Any printed pattern must have a good screen, to ensure that there is enough "free" area around the design pattern, which means that the frame should be large enough to not allow the printed area to be based on all or almost all of your frame. Select the appropriate ink scraper and ink stroke distance. After the screen is ready, there is no way to expand the size or increase the scratch stroke. Unless you have to do the screen. Then start with a squeegee with a hardness of approximately 70 degrees. It is a good idea to have a variety of different hardness scrapers. If it is double or triple, it can be better controlled. The ink pushback plate should be adjusted to the maximum loading of the screen (referring to the ink filling the open mesh). If the ink can be pushed back properly, scraping the ink becomes easier.


Network distance is a critical adjustment and it is also very important. If there is not enough mesh distance, ink cannot be released from the screen to clothing. Because the net distance is directly related to the screen tension. Tension high screen requires a low network distance. Therefore, if necessary, increase the net pitch of the low-tension screen.


At the beginning, the printing ink and the ink return speed are all adjusted to the lowest level, and the speed is gradually reduced without affecting the printing effect. If the pressure is too high, you will squeeze the ink into the fabric. It is best to let the ink “sit” on the clothing.

If you want the maximum thickness, then dry it and put on another layer.

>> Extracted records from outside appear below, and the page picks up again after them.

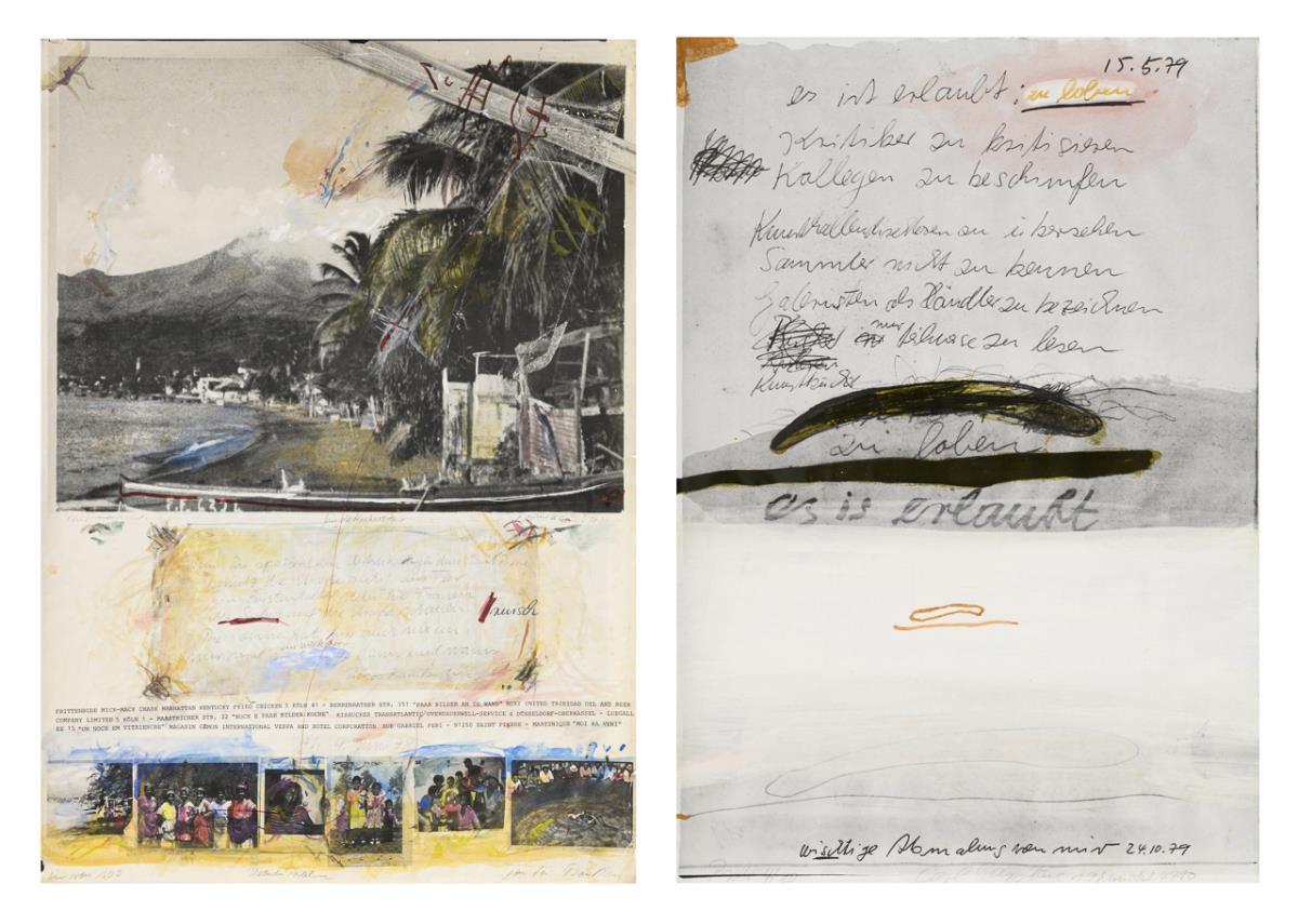 "It is allowed", 1979, sheet: 61 x 42 cm, sample 4/10, pencil signature, verso stained, verso stamp "I can't speak the Cologne dialect" | "Redudu Perletin", 1978, sheet: 86 x 60.6 cm, copy: 1 of 100, verso stained, sheet creased.
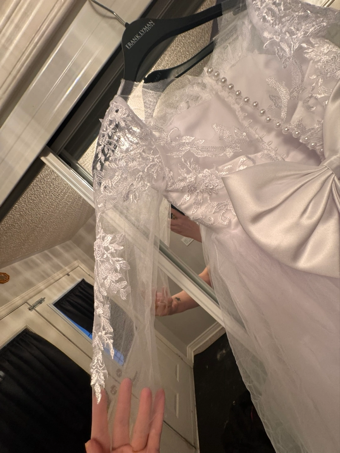 Beautiful white tulle flower girl dress. Lace details on sleeves and bodice. Size 6. Bow in the back. Long sleeves. Perfect for weddings or special occasions. Brand new never worn. Too small for my daughter. Size 7-8
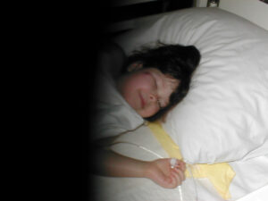 In de linkervoet mislukte het en toen ze bij de rechtervoet gingen pielen (ja want het ging allemaal niet zo soepel) begon Sabine te huilen dat het zo’n pijn deed in haar voet. (??) Acuut werd besloten om dan maar het kapje op te doen. Totaal onvoorbereid want gisteren zou de speltherapeute langskomen om te laten zien wat er zou gaan gebeuren en die is dus helemaal niet geweest. Nu had ik haar zelf al verteld dat ze een infuus in haar voet zou krijgen en dat vond ze geweldig. “dan voel ik het niet” zei ze steeds heel blij. Maar ja nu toch dat kapje. Ze heeft gevochten tegen dat ding, vreselijk om te zien vond ik.
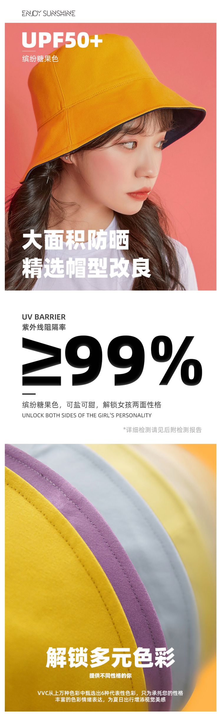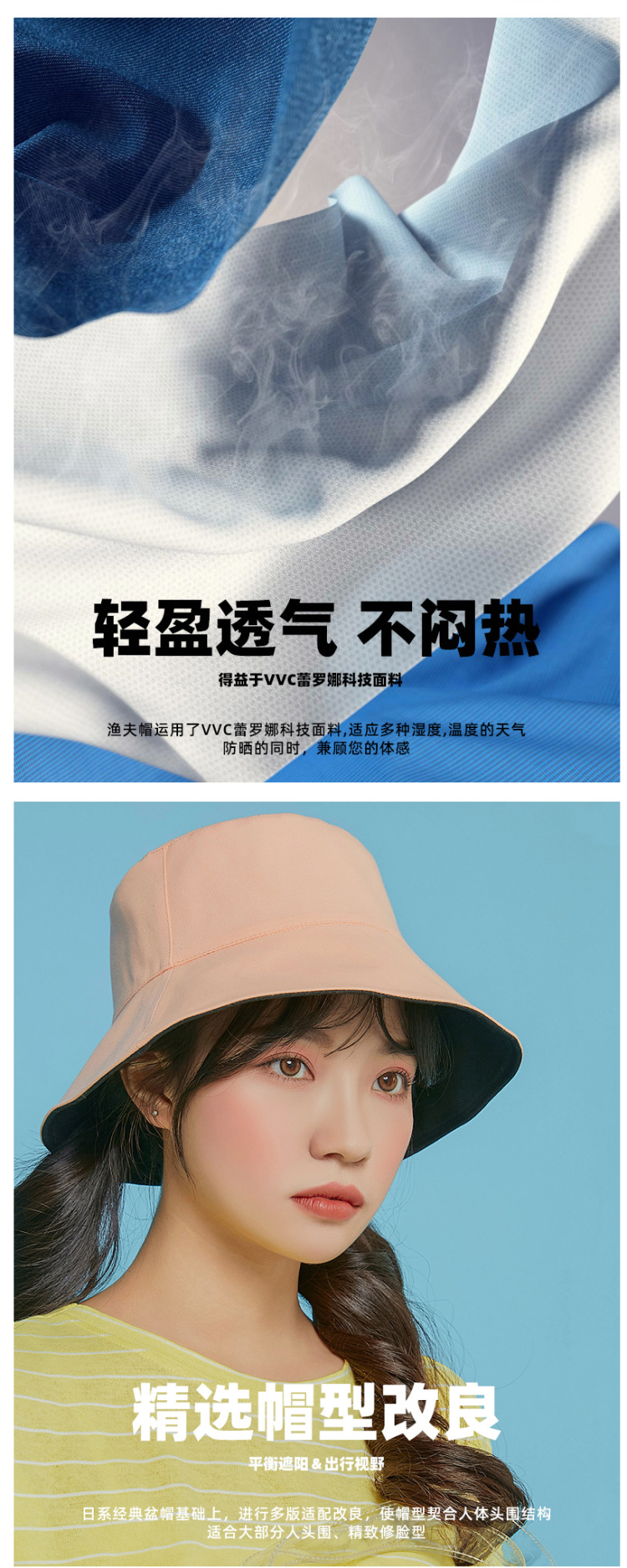 这款VVC女遮阳帽,是2020年的新款,前几天薇娅直播热推,渔夫帽款式,双面可戴,拥有6层防护,可达UPF 2000+防晒,是夏季必备品。
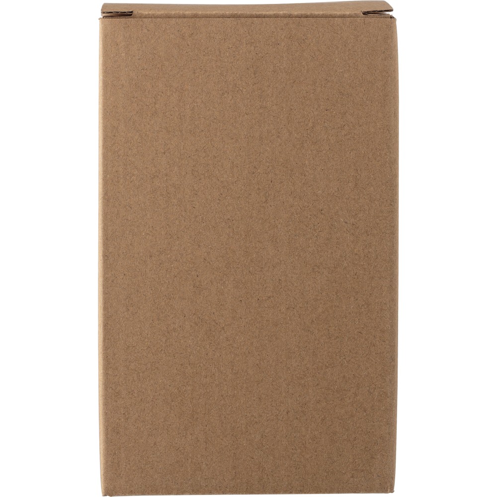 Rozsdamentes acélból és PP-ből készült utazópohár (350 ml). A PP fedél szilikon zárógyűrűvel rendelkezik, tetején lehajtható záróelemmel. Egyedileg csomagolva barna kartondobozban érkezik. Emblémázás: Tamponnyomás
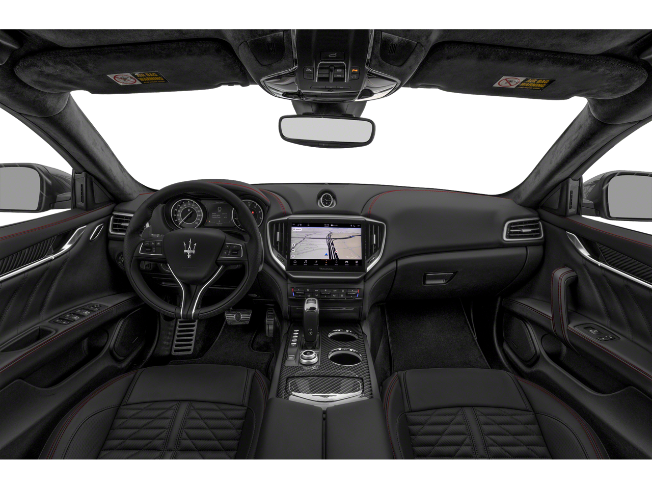 , asientos deportivos delanteros calefactables con 12 posiciones de ajuste eléctrico, frenos de disco en las 4 ruedas, frenos ABS, suspensión adaptativa, aire acondicionado, llantas de aleación, levas de cambio de aluminio en la columna de dirección, radio AM/FM: SiriusXM, reposacabezas delanteros antilátigo, Apple CarPlay/Android Auto, luces largas automáticas, retrovisores exteriores con atenuación automática, retrovisor interior con atenuación automática, climatizador automático, asistencia a la frenada, parachoques del color de la carrocería, brújula, luces delanteras con apagado retardado, cierre automático de puertas, compartimento en la puerta del conductor, espejo de cortesía para el conductor, airbags frontales dobles, airbags laterales delanteros dobles, Control electrónico de estabilidad, sistema de comunicación de emergencia: Maserati Connect, sistema de sonido premium mejorado, cámara de aparcamiento trasera, suspensión independiente en las cuatro ruedas, barra estabilizadora delantera, asientos delanteros tipo baquet, reposabrazos central delantero con compartimento, aire acondicionado delantero de doble zona, luces de lectura delanteras, mando para puerta de garaje: HomeLink, altavoces harman/kardon®, sistema de audio premium harman/kardon de 900 vatios, retrovisores exteriores calefactables, asientos delanteros calefactables, volante calefactable, iluminación de entrada, airbag para las rodillas, pomo de la palanca de cambios de cuero, volante de cuero, Aviso de presión baja en los neumáticos, Asiento con memoria, Sistema de navegación, Airbag con sensor de ocupante, Indicador de temperatura exterior, Airbag de techo, Consola de techo, Alarma de pánico, Compartimento en la puerta del acompañante, Espejo de cortesía para el acompañante, Tapicería de cuero natural Pieno Fiore, Retrovisores exteriores eléctricos, Asiento del conductor eléctrico, Techo corredizo eléctrico, Asiento del acompañante eléctrico, Dirección asistida, Elevalunas eléctricos, Sistema de datos de radio, Radio: AM/FM con Maserati Intelligent Assistant, limpiaparabrisas con sensor de lluvia, barra estabilizadora trasera, luces antiniebla traseras, luces de lectura traseras, reposabrazos central en los asientos traseros, desempañador de la luneta trasera, acceso sin llave a distancia, sistema de seguridad, control de velocidad, dirección sensible a la velocidad, limpiaparabrisas sensibles a la velocidad, asiento trasero abatible por partes, volante deportivo, memoria del volante, controles de audio en el volante, tacómetro, Volante telescópico, volante inclinable, control de tracción, ordenador de a bordo, logotipo Trofeo bordado en los reposacabezas delanteros y traseros, retrovisores con intermitentes, limpiaparabrisas de intermitencia variable, asientos delanteros ventilados, voltímetro y llantas: 21 Orione forjadas en negro pulido.
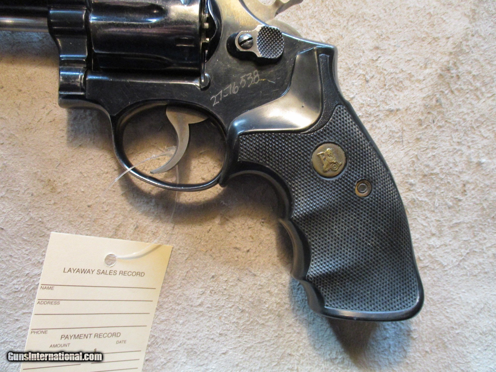 Description: S&W Model 15-3 with a 6" Barrel, blue finish, 6 shot. The consinger broght in two of them, said they were Navajo Nation police guns, but I have no paperwork to prove it. Has rack numbers engraved on the left side. SN is 8K673xx. Been carried but not shot a ton. We will trade for silver and gold. We accept personal check, any certified funds, Venmo or Zelle. We can also take your credit card, +3%. has now started collecting tax for states that mandate it, if applicable they will add it to your total. Email me if you would like these pictures sent to you, they will come through bigger and better than on the listing page here. We do offer Layaway. Our standard terms are 25% down, 90 days. Initial deposit is not refundable. Email me with any questions. Please check your local laws to confirm it is legal to own in your state! Buyer pays $25 shipping and insurance to your FFL in the lower 48. AK, HI or PR is extra. I will ship to California, NO PROBLEM! All my guns come with a non-firing, 3 day unconditional return privilege, from the day UPS delivers to your dealer. Buyer pays shipping both ways if the gun comes back. We can add a new hard case by PLANO for secure shipping for $30 if the buyer wishes (highly recommended, cheap insurance, really helps keep the UPS monster from eating my guns!). I am a licensed FFL, and will include a copy of my FFL with the gun for your dealer’s records. I will ship to a C&R if the gun is eligible. I will ship to California, but you need to confirm the gun is legal where you are, California or other. WE BUY AND CONSIGN GUNS AND GUN COLLECTIONS! We will travel to pick up collections! I am always looking for good clean, old original Winchesters to buy, consign, or trade, especially Pre '64's model 70's and model 54's. WE ALSO TRADE FOR CLASSIC CARS AND TRUCKS! We also trade for gold and silver. SOLD Handgun Caliber: .357 Magnum Manufacturer: Smith & Wesson Model: 15-3 Barrel Length: 4 Condition: Used |
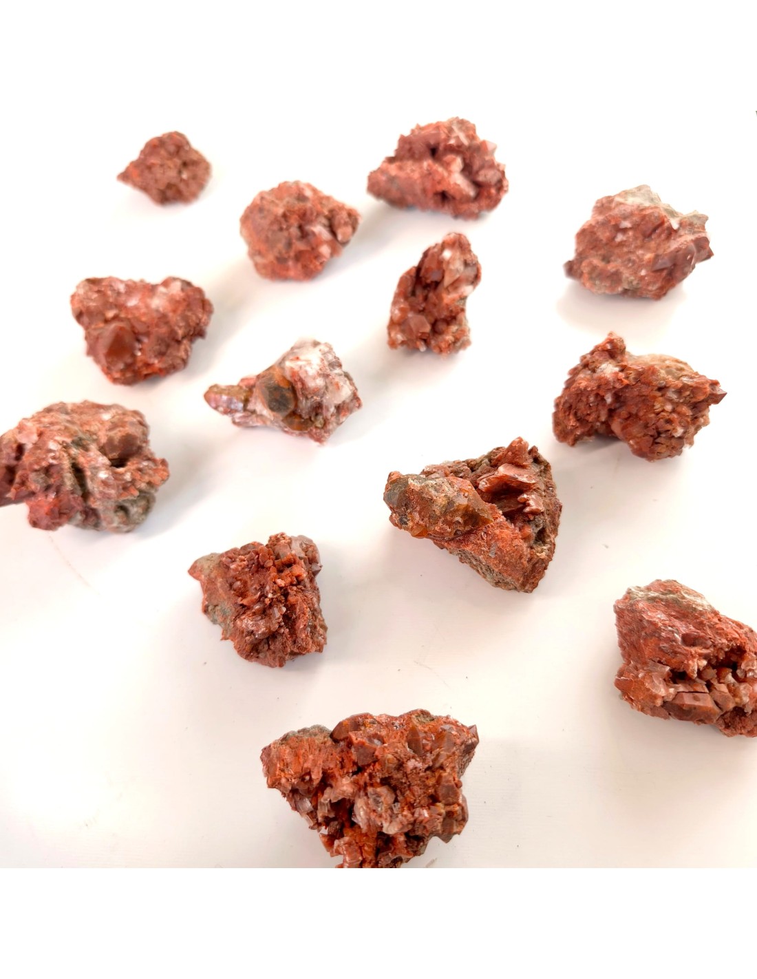 A gipsita vermelha é uma variação do cristal gipsita (também conhecido como gesso) com inclusão natural de óxidos de ferro, que lhe conferem a sua coloração avermelhada característica. Esta presença do ferro torna-a um cristal com vibração de fogo-terra, excelente para processos de ancoramento, coragem, limpeza emocional profunda e regeneração sutil do campo energético.
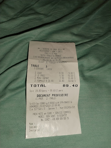 Entre le cocktail sans alcool 5€ 50 /l un (goyave et fruit) qui n'avait aucun goût sauf de l'eau. Je voulais prendre 1 entrecôte mais celle ci était à 26,50€, le même prix qu'un menu alors j'ai prix un menu(je n'aurait pas dû) Menu à 26€80: 1er menu: pâté de campagne maison avec pain de seigle(à part le pain que je n'aime pas, rien à dire sauf que je peux manger cela à la maison) saucisse cuite au feu de bois avec frites (pas génial les frites car il était écrit " frites fraîche mais pas maison ???" ) crêpe chocolat(rien à dire) 2eme menu: crevette (import mais d'où ???) pour un restaurant au bord de mer, ça craint poisson riz basmati et julienne de légumes ( poisson pas assez cuit et julienne de légumes que je soupçonne congelé) Glace vanille et framboise( la framboise acide)
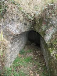 La cavità è costituita da un cunicolo con la volta ad arco e rivestito di pietre e mattoni. Il pavimento è in parte mascherato dal fango, dovuto all'accumulo di acqua (attualmente fatta defluire all'epoca della nostra esplorazione) ma sembra formato da lastre sovrapposte, in modo simile al cunicolo di deflusso del sottostante fossato. Questo induce a pensare che la finalità sia simile e che in questo caso servisse come canale di deflusso della sovrastante piazza. Al fondo il cunicolo si restringe e cambia forma, probabilmente in prossimità del punto di immissione delle acque di scarico. Ma a questo punto è interrotto da una frana sicuramente collegata alla distruzione delle strutture sovrastanti del forte, imposta dalle truppe francesi nei primi anni dell'800.
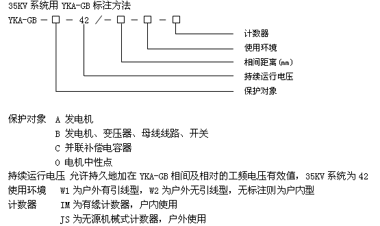 (表3)35KV系统用YKA-GB电气参数表(持续运行电压为:42KV,2ms方波600A)
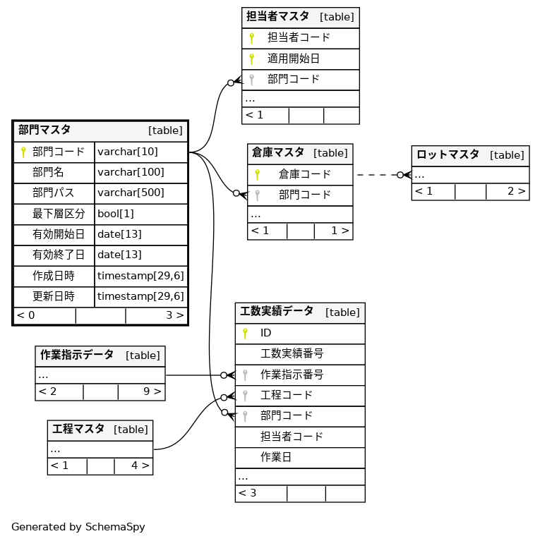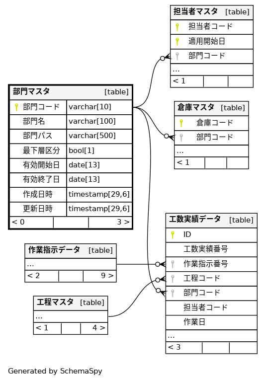 | 部門マスタ_pkey | Primary key | Asc | 部門コード |
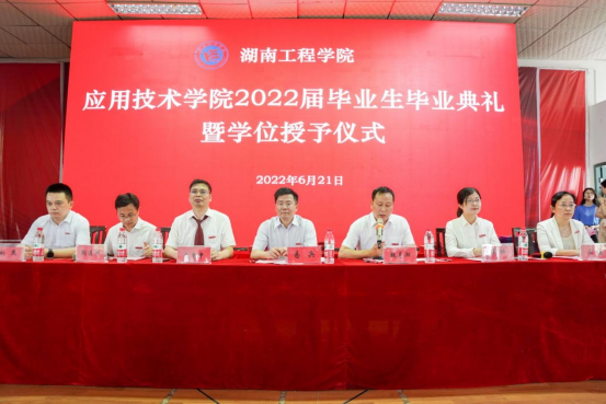 夏至时节,万物并秀,骊歌唱响六月时,青春启航逐未来。6月21日下午,应用技术学院毕业典礼暨学位授予仪式在南校区一教四楼学生活动中心举行,祝贺2022届毕业生顺利完成学业,开启人生新征程。校党委副书记、校长易兵,党委委员、副校长魏克湘,应用技术学院院长李光中,党委书记黎娅,党委副书记陶连洲,副院长闵杰、刘杰,全体辅导员、班主任共同到场见证2022届应院学子成长蜕变的重要时刻。典礼由魏克湘主持。
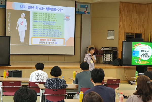 ‘미래교육의 이해’는 여태전 교수(대전 건신대)를 초청해 학생 한 명 한 명의 행복을 찾기 위해 노력하는 교육, 학부모와 학생이 주축이 돼 함께 모색하는 교육과정 설계, 공교육 안에서 불어오는 올바른 교육의 불씨에 대해 이야기를 나누고 희망을 가슴에 품어보는 뜻깊은 시간, 기대되는 대전교육의 미래에 대해 생각하는 시간이 됐다.
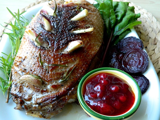 Po dłuższym zastanowieniu stwierdziliśmy, że najlepszym połączeniem kulinarnym będzie potrawa prosta, ale niebanalna - bo takie też jest wino ze szczepu Rondo. Dziczyzna, którą polecają do Rondo w innych polskich winnicach, naszym zdaniem jest propozycją zbyt ogólną. Dzik będzie zbyt intensywny, ale zając czy sarnina mogłyby skorzystać w połączeniu z winem ze szczepu Rondo. My natomiast rozejrzeliśmy się po okolicy w poszukiwaniu kompana dla wina, zgodnie z tezą, że wino najlepsze jest z lokalnym jedzeniem. Niedaleko Słupska, w Swołowie, przyrządza się niesamowitą gęsinę. Będąc tam spróbujcie jej (co roku 11 listopada odbywa się tam święto bicia gęsi - zapraszamy!). Mamy niestety czerwiec, a nie listopad i w związku z kalendarzem musieliśmy sięgnąć po gęś mrożoną, którą upiekliśmy. Pierś z gęsi pieczona w żurawinie i z akompaniamentem buraczków stanowiła idealną parę dla Rondo z Winnicy Anna de Croy. Kompozycja leśnych owoców i buraczków stanowiła przedłużenie smaków leśnych owoców w winie.
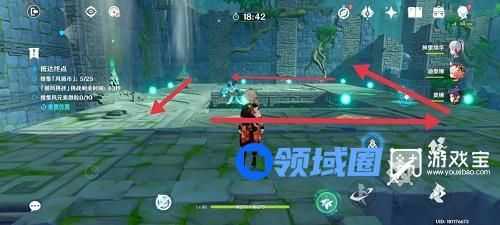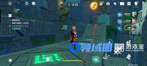 6、首先点击控风按钮,关闭所有风场。向前行走,来到此处并下落到前方平台。到达平台后,点击控风按钮,开启风场,平台上升。如图箭头所示所示回头拿风循币。继续向任务点前进。
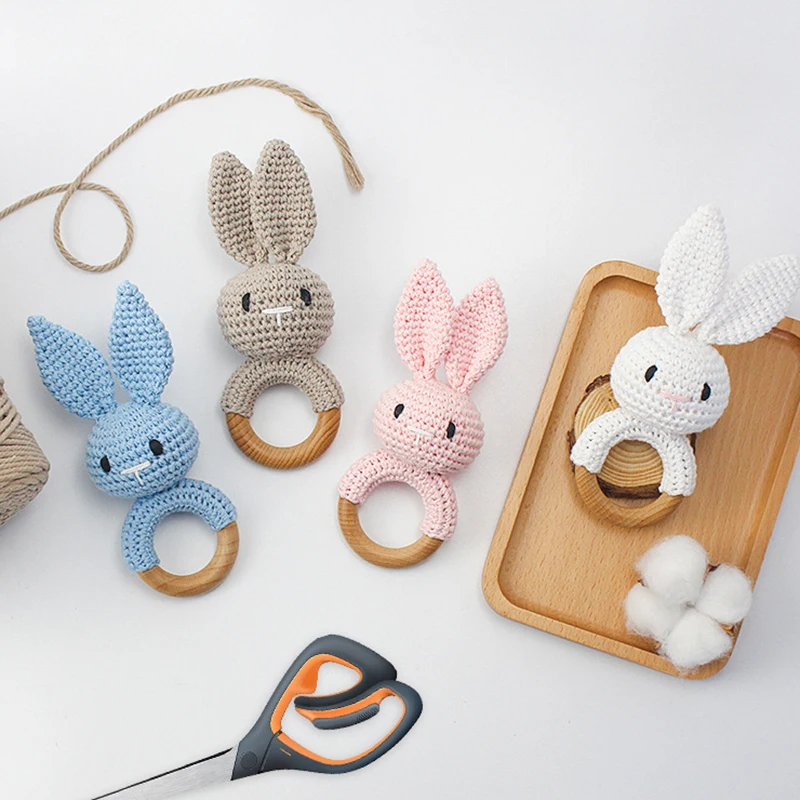 Детская погремушка крючком амигуруми погремушка кролик колокольчик новорожденный вязаный гимнастический игрушечный образовательный Прорезыватель детская Мобильная погремушка игрушка 0-12 месяцев

Printing two thin layers is much easier than printing a thick layer.

Instant drying


The drying time needs to be carefully calculated to achieve the most suitable drying fixing effect and temperature. Remember that not all instant dryers are the same. For example, quartz tube dryers heat up quickly. It can quickly dry the surface but another 2/3 thickness of ink, which is not heated. Therefore, the first ink layer is inconsistent in physical and chemical states. This may cause the first layer of ink to not support the second layer of ink well, which is a problem that often arises in thick printing. In this case, infrared drying panel is more appropriate. If the amount of ink is large, it must be fully heated and dried, and more time is needed. If you want to superimpose your print pattern layer by layer, you will need to dry it more than once. So you need a second or more instantaneous dryer.


Final drying


Cured thermoset inks typically use a temperature of 360oF (160°C), except that one hundred times is a 3x (or higher) ink layer thickness. It takes more time for such a thick print pattern to reach the drying temperature, so consider the dwell time when adjusting the oven temperature. You can also increase the drying temperature, but do not attempt to dry it too fast. Drying at high temperatures for a short time can cause other problems.